I felt so happy reading your post, thank you for all your support on my journey to become a freshwater fishy aquarium master like you all. :-D


----------



## Trunkzdbz (Apr 20, 2013)

After reading your post I must thank you I learned a lot from it. I plan from now on not to use salt in my freshwater aquarium. I was using salt to reduce the chance of parasites in the water or disease. What can I do beside regular weekly water changes to reduce parasite and disease from occuring to my fishy friends, is there anything I can purchase in Pet Land Discounts to help reduce the risk of parasites and disease from occuring? I also ordered a siphon to clean all the gravels poo, and bio load I know that will help cleaning the poo every week with the weekly water changes will keep the aquarium super clean for my fishy friends. Surprisingly the 5 watt heater keeps the temparture in the tank perfect sometimes I even have to take it off because it gets above 80% if I leave it on. Thanks for all your great advice Myates please stay in touch with me I value all your great advice.


----------



## NeptunesMom (May 4, 2012)

Trunkzdbz said:


> After reading your post I must thank you I learned a lot from it. I plan from now on not to use salt in my freshwater aquarium. I was using salt to reduce the chance of parasites in the water or disease. What can I do beside regular weekly water changes to reduce parasite and disease from occuring to my fishy friends, is there anything I can purchase in Pet Land Discounts to help reduce the risk of parasites and disease from occuring? I also ordered a siphon to clean all the gravels poo, and bio load I know that will help cleaning the poo every week with the weekly water changes will keep the aquarium super clean for my fishy friends. Surprisingly the 5 watt heater keeps the temparture in the tank perfect sometimes I even have to take it off because it gets above 80% if I leave it on. Thanks for all your great advice Myates please stay in touch with me I value all your great advice.
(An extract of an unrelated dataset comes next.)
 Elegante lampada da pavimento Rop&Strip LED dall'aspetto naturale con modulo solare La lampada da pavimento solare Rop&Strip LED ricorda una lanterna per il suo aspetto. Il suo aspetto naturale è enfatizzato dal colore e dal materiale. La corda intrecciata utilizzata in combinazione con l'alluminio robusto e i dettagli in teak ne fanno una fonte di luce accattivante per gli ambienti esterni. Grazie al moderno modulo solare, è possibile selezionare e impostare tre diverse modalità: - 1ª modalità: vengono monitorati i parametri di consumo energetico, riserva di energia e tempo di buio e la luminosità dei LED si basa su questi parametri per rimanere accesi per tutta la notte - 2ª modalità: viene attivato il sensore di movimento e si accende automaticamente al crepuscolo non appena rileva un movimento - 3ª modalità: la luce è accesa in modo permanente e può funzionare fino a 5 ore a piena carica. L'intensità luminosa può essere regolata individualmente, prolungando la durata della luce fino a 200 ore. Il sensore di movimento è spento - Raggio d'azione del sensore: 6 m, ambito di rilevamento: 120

How frequently are you changing your water?


----------



## Mr Degausser (Apr 22, 2013)

NeptunesMom said:


> How frequently are you changing your water?


I was going to ask the same thing.

It sounds like he's doing weekly water changes?
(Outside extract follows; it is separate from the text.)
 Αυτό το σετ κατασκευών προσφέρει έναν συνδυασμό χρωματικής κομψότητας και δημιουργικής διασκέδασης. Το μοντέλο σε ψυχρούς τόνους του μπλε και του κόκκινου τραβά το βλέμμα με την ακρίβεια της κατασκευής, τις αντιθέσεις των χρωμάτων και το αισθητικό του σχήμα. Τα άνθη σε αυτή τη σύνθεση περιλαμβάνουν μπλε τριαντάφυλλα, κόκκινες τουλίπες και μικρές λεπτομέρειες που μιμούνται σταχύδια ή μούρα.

IMO, with the amount of fish in the tank 50% changes 2 or 3 times a week would probably help keep the bio-load lower?


----------



## Trunkzdbz (Apr 20, 2013)

Once a week, I want to make sure that I keep the water clean so fin rot does occur nor parasites grow, but I also don't want to lose any good bacteria BB, that's why I only change the water once a week. I just changed the water today and all my aquarium friends are really happy and the water is crystal clear.


----------



## Trunkzdbz (Apr 20, 2013)

I only change the water once a week about 50 to 60 percent water changes I leave some of the old water in about 30 to 40 to keep the BB it already has developed in my aquarium.


----------



## Mr Degausser (Apr 22, 2013)

I know it's been mentioned before from reading the previous posts in the discussions (I also know you seem to have a hard time getting to nearby stores?), but have you considered purchasing the API freshwater liquid testing kit? 

Since you're in the middle of trying to cycle your tank, I think it would be very beneficial for both you and us if you were able to test your water and post your parameters on here.

I know you have mentioned the strips but those tend to be inaccurate, and I wouldn't want you to mess up your cycle with inaccurate results.

It's a little under $20 on Amazon and it's really a life saver.

http://www.amazon.com/API-Freshwate...r=1-1&keywords=api+freshwater+master+test+kit


----------



## Fenghuang (Dec 28, 2012)

Most parasites and other common fish ailments are opportunistic. If your fish are strong and their immune systems are not compromised, they usually will not fall sick or if they do, they will fight it off. Really, the best things you can do for your fish to keep them healthy and disease free are obvious--clean water, quality food, proper temperature range, low stress environment, things along that line... Some people do put dried/crushed indian almond leaves or oak leaves in their tanks because they have anti-bacterial and anti-fungal properties, but when it comes down to it, there isn't any magical thing that will prevent your fish from getting sick if you ignore the most fundamental, basic things listed above. It's all proper care.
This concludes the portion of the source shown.